Considering all scenarios when using Bayes’ theorem.

Disclaimer: this post is directed at people who, like me, are not Bayesian/​probability gurus.

Recently I found an opportunity to use the Bayes’ theorem in real life to help myself update in the following situation (presented in gender-neutral way):

Let’s say you are wondering if a person is interested in you romantically. And they bought you a drink.
A = they are interested in you.
B = they bought you a drink.
P(A) = 0.3 (Just an assumption.)
P(B) = 0.05 (Approximately 1 out of 20 people, who might be at all interested in you, will buy you a drink for some unknown reason.)
P(B|A) = 0.2 (Approximately 1 out of 5 people, who are interested in you, will buy you a drink for some unknown reason. Though it’s more likely they will buy you a drink because they are interested in you.)

These numbers seem valid to me, and I can’t see anything that’s obviously wrong. But when I actually use Bayes’ theorem:
P(A|B) = P(B|A) * P(A) /​ P(B) = 1.2
Uh-oh! Where did I go wrong? See if you can spot the error before continuing.

Turns out:
P(B|A) = P(A∩B) /​ P(A) ≤ P(B) /​ P(A) = 0.1667
BUT
P(B|A) = 0.2 > 0.1667

I’ve made a mistake in estimating my probabilities, even though it felt intuitive. Yet, I don’t immediately see where I went wrong when I look at the original estimates! What’s the best way to prevent this kind of mistake?
I feel pretty confident in my estimates of P(A) and P(B|A). However, estimating P(B) is rather difficult because I need to consider many scenarios.

I can compute P(B) more precisely by considering all the scenarios that would lead to B happening (see wiki article):

P(B) = ∑i P(B|Hi) * P(Hi)

Let’s do a quick breakdown of everyone who would want to buy you a drink (out of the pool of people who might be at all interested in you):
P(misc. reasons) = 0.05; P(B|misc) = 0.01
P(they are just friendly and buy drinks for everyone they meet) = 0.05; P(B|friendly) = 0.8
P(they want to be friends) = 0.3; P(B|friends) = 0.1
P(they are interested in you) = 0.6; P(B|interested) = P(B|A) = 0.2
So, P(B) = 0.1905
And, P(A|B) = 0.315 (very different from 1.2!)
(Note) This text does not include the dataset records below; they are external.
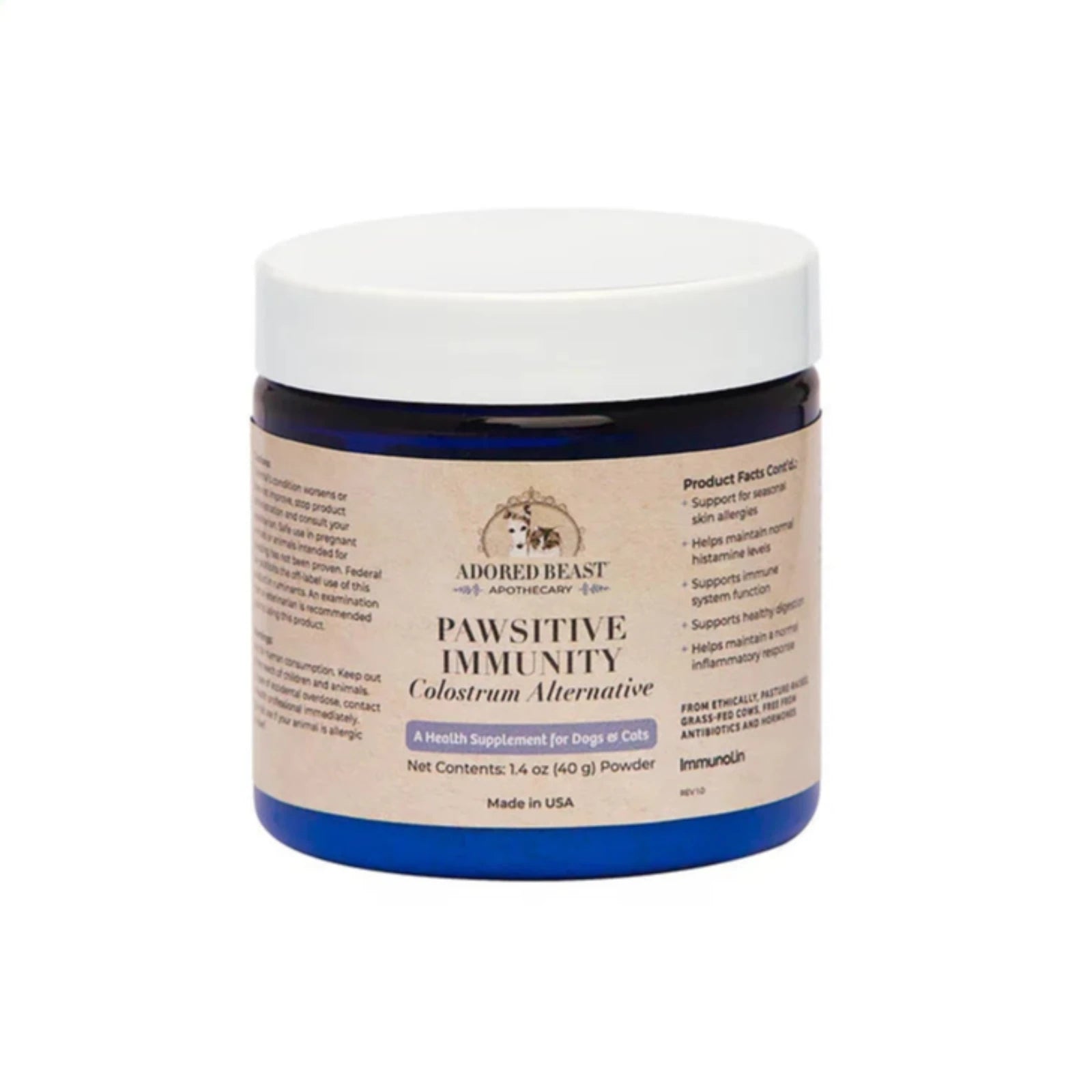 Adored Beast's Pawsitive Immunity is a colostrum alternative supplement for pets, featuring bovine plasma isolate rich in immunoglobulins. It supports the immune system, helps maintain normal histamine levels, and promotes healthy digestion.
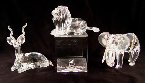3 PIECE SWAROVSKI INSPIRATIONAL AFRICA SERIES LOT: To include 1994 The Kudo (3 3/4'' high x 3 3/4'' long), 1995 The Lion (2 1/2'' high x 4 1/2'' long), 1993 The Elephant, (3 1/4'' high x 4 1/2'' long). All sold with original boxes and series plaque.
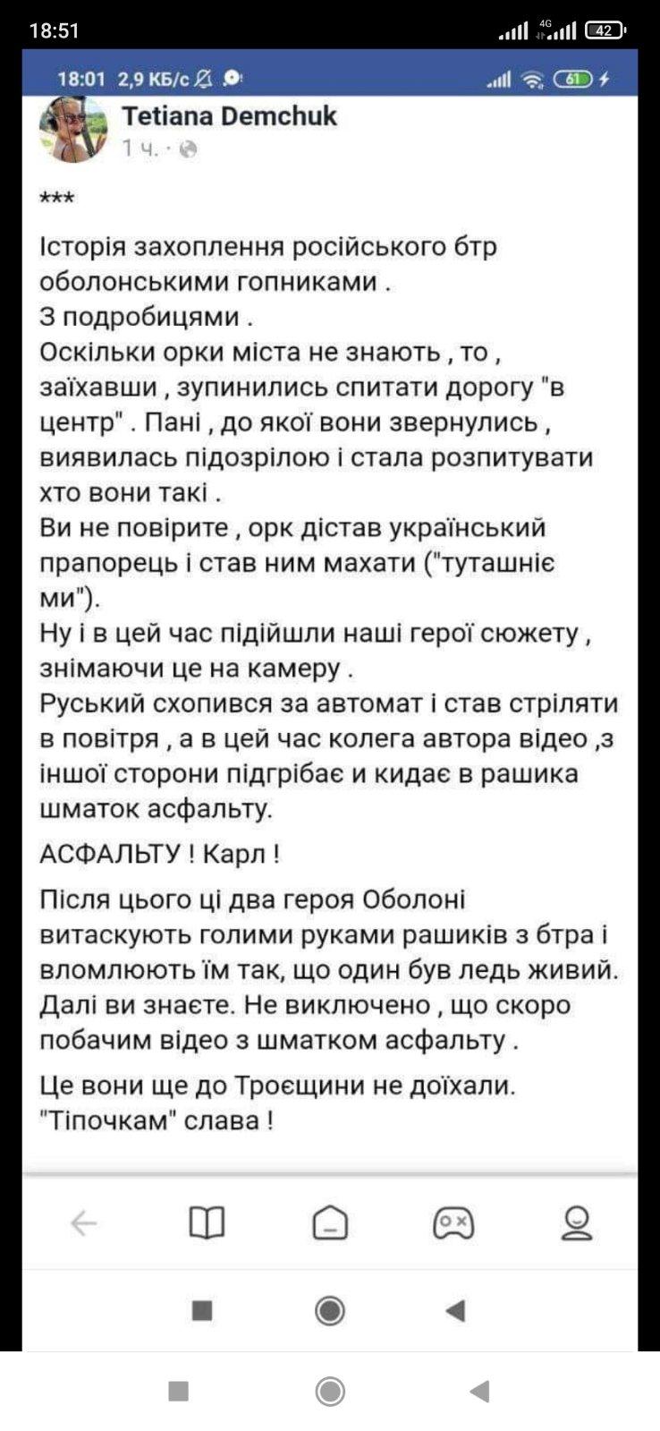 «На Оболони сейчас катается российская бронированная техника в количестве одной единицы. Скорее всего, это, возможно, был какой-то передовой затерявшийся дозор. Возможно, они ехали как раз через Гостомель. Россияне не знают местности, поэтому не знают, куда они едут по существу», - рассказал в комментарии УНИАН рассказал пресс-офицер бригады быстрого реагирования Нацгвардии Харитин Старский.
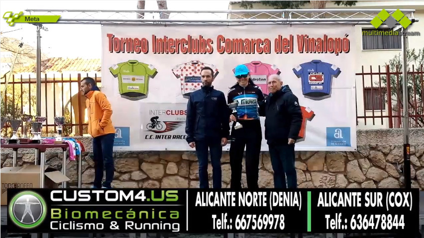 Por categorías los ganadores fueron Javier Chacón en élite, David Gor (GSport – Ayora) en máster 30, Juan Manuel Camacho (PC Comopnentes – Renault Ginestar) en máster 40, Juan Carlos Botella (PC Componentes) en máster 50, Pilar Núñez (Uniformes Murcia) en féminas: Las metas volantes fueron para Juan Carlos Fdez, la montaña para Mario García (PC Componentes) y el mejor equipo fue el GSport – Ayora.

Once I started thinking about all possible scenarios, I found one I haven’t considered explicitly—some people buy drinks for everyone they meet—which adds a good amount of probability (0.04) to B happening. (Those types of people are rare, but they WILL buy you a drink.) There are also other interesting assumptions that are made explicit:

  • Out of all the people under consideration in this problem, there are twice as many people who would be romantically interested in you vs. people who would want to be your friend.

  • People who are interested in you will buy you a drink twice as often as people who want to be your friend.

The moral of the story is to consider all possible scenarios (models/​hypothesis) which can lead to the event you have observed. It’s possible you are missing some scenarios, which under consideration will significantly alter your probability estimates.

Do you know any other ways to make the use of Bayes’ theorem more accurate? (Please post in comments, links to previous posts of this sort are welcome.)